## Entries provided:
--- START ---

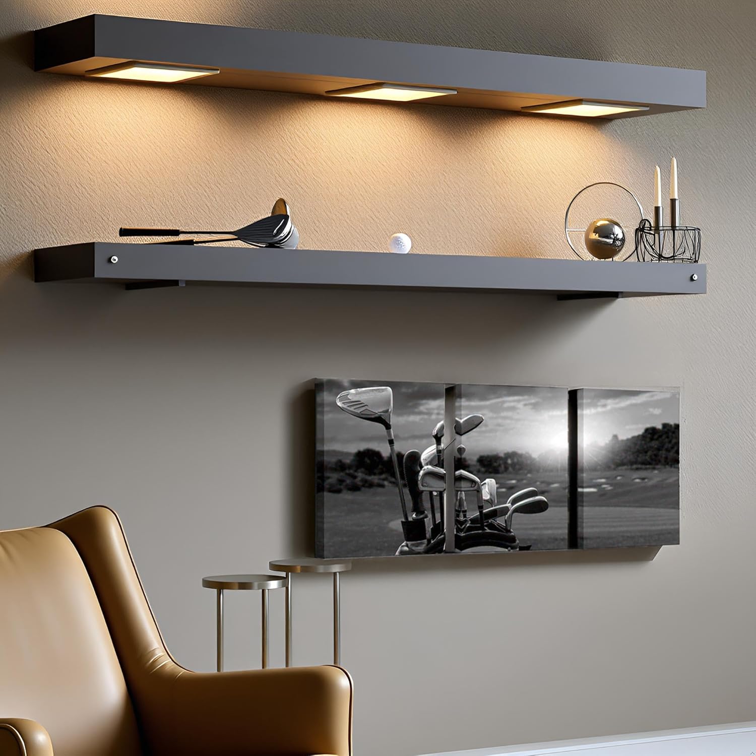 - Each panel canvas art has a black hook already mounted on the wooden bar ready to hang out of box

--- END ---
--- START ---

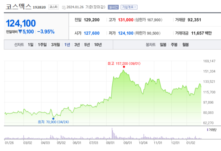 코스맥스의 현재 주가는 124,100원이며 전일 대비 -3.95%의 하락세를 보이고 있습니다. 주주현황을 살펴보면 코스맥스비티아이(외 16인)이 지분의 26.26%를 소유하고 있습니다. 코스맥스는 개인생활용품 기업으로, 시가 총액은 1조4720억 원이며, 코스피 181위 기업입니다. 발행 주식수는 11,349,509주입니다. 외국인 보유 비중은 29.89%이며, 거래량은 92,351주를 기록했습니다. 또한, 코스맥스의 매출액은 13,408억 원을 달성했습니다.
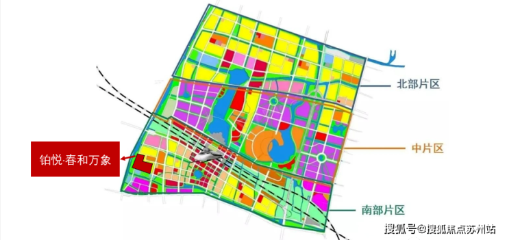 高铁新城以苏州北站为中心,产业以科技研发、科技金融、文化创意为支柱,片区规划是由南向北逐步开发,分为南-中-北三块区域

--- END ---

## Work task:
Your copy should hold the lines from the one with "코스맥스의 현재 주가는" up to and including the one with "高铁新城以苏州北站为中心,产", exactly as in the data above, and no pictures.

## Solution:
 코스맥스의 현재 주가는 124,100원이며 전일 대비 -3.95%의 하락세를 보이고 있습니다. 주주현황을 살펴보면 코스맥스비티아이(외 16인)이 지분의 26.26%를 소유하고 있습니다. 코스맥스는 개인생활용품 기업으로, 시가 총액은 1조4720억 원이며, 코스피 181위 기업입니다. 발행 주식수는 11,349,509주입니다. 외국인 보유 비중은 29.89%이며, 거래량은 92,351주를 기록했습니다. 또한, 코스맥스의 매출액은 13,408억 원을 달성했습니다.
 高铁新城以苏州北站为中心,产业以科技研发、科技金融、文化创意为支柱,片区规划是由南向北逐步开发,分为南-中-北三块区域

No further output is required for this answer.